The `nameserver` entry in /etc/resolv.conf _is_ replaced indeed. I never cared as in my case, it's the same nameserver anyways, working the same no matter whether it's accessed via IPv4 or IPv6.

I assume it should be possible to have both entries and resolvconf(8) would be a good starting point to look at…

*edit:* Had a quick look, it seems (base) /sbin/dhclient-script optionally supports resolvconf(8), but only supplies the interface name, not a protocol (like "dhcp" as opposed to "dhcp6"), so resolvconf(8) would have a chance to merge multiple configs for the same interface.

Even worse, /usr/local/sbin/dhclient-script installed by net/isc-dhcp44-client (which is used for dhcp6 by dual-dhclient) doesn't seem to support resolvconf(8) at all.

All this can be solved, would be quite some work


----------



## youxiaojie (Oct 11, 2021)

Zirias said:


> The `nameserver` entry in /etc/resolv.conf _is_ replaced indeed. I never cared as in my case, it's the same nameserver anyways, working the same no matter whether it's accessed via IPv4 or IPv6.
> 
> I assume it should be possible to have both entries and resolvconf(8) would be a good starting point to look at…
> 
> ...


in linux they add both dhcp v4 and v6 from dhcp server, I do hope so, so I want to discussed with you, where or which script in charge of adding dns to resolv.conf


----------



## zirias@ (Oct 11, 2021)

youxiaojie said:


> in linux they add both dhcp v4 and v6 from dhcp server, I do hope so, so I want to discussed with you, where or which script in charge of adding dns to resolv.conf


The thing here is: this is all done with scripting. DHCP clients just call a script to do whatever network configuration is necessary. I'd say there is no "in Linux", as these scripts are probably maintained by Linux "distributions". So if your experience is that this works as you expect in Linux dist A, there's no guarantee whatsoever in Linux dist B.

But back to FreeBSD, the situation isn't great (as outlined above). You can fix it yourself of course. The script executed is configurable, see dhclient.conf(5). "Just" fix it yourself (copy and edit the script and point dhclient.conf to your own script).

I think it should be fixed upstream, both for base (add the "protocol" to the resolvconf(8) invocation) and the net/isc-dhcp44-client port (add support for resolvconf(8)). Someone would have to do the work and submit a patch. DHCPv6 is optional for IPv6, SLAAC is preferred, so the support for DHCPv6 is sometimes quite lacking


----------



## youxiaojie (Oct 15, 2021)

you are expert in bsd and linux, yes, different distribution of linux may have different script.
*"
edit:* Had a quick look, it seems (base) /sbin/dhclient-script optionally supports resolvconf(8), but only supplies the interface name, not a protocol (like "dhcp" as opposed to "dhcp6"), so resolvconf(8) would have a chance to merge multiple configs for the same interface.

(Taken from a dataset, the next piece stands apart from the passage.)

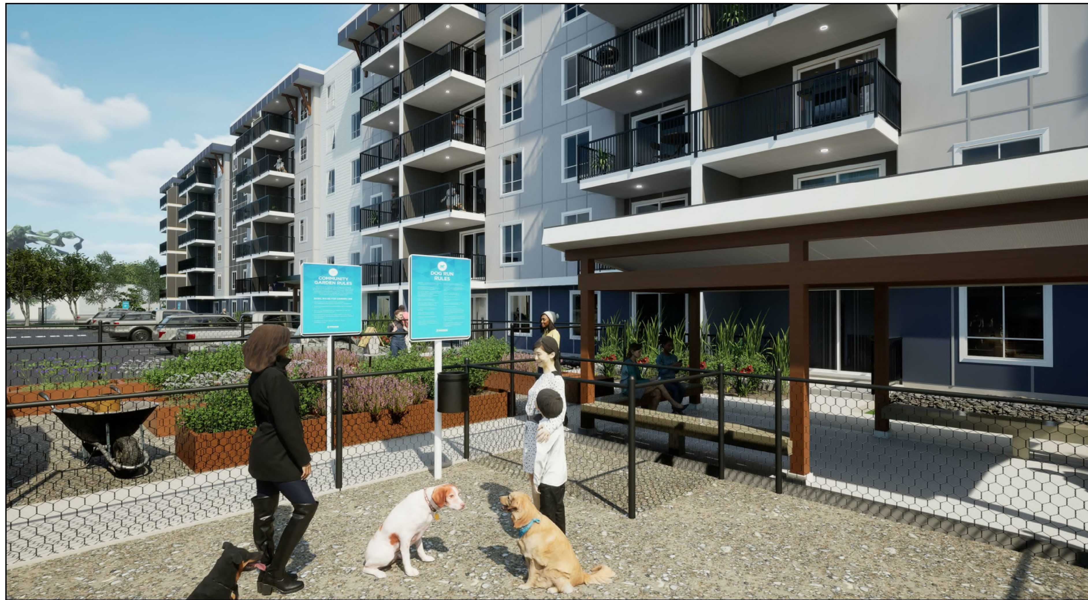
(1) DOG RUN AREA

Even worse, /usr/local/sbin/dhclient-script installed by net/isc-dhcp44-client (which is used for dhcp6 by dual-dhclient) doesn't seem to support resolvconf(8) at all.
"

this is the key points.

for interesting in dhcp v6 is because of our campus wifi with 802.1x
do you farimiliar with 802.1x 's config in bsd? I find little documents.
they use dhcp v6 to get a /128 address

great thanks for your patience!


----------



## grahamperrin@ (Oct 16, 2021)

I can't answer the TCP/IPv6 aspect, sorry.



youxiaojie said:


> … campus wifi with 802.1x
> 
> do you farimiliar with 802.1x 's config in bsd? …



If it's eduroam, *WiFimgr* (WiFi Networks Manager) can configure wpa_supplicant.conf(5) for you. net-mgmt/wifimgr

*Caution*: /etc/wpa_supplicant.conf will probably include your passphrase, human-readable, so it's good to have this area of the file system encrypted. If you chose GELI encryption – with an excellent passphrase – when you installed FreeBSD, you should be OK.


----------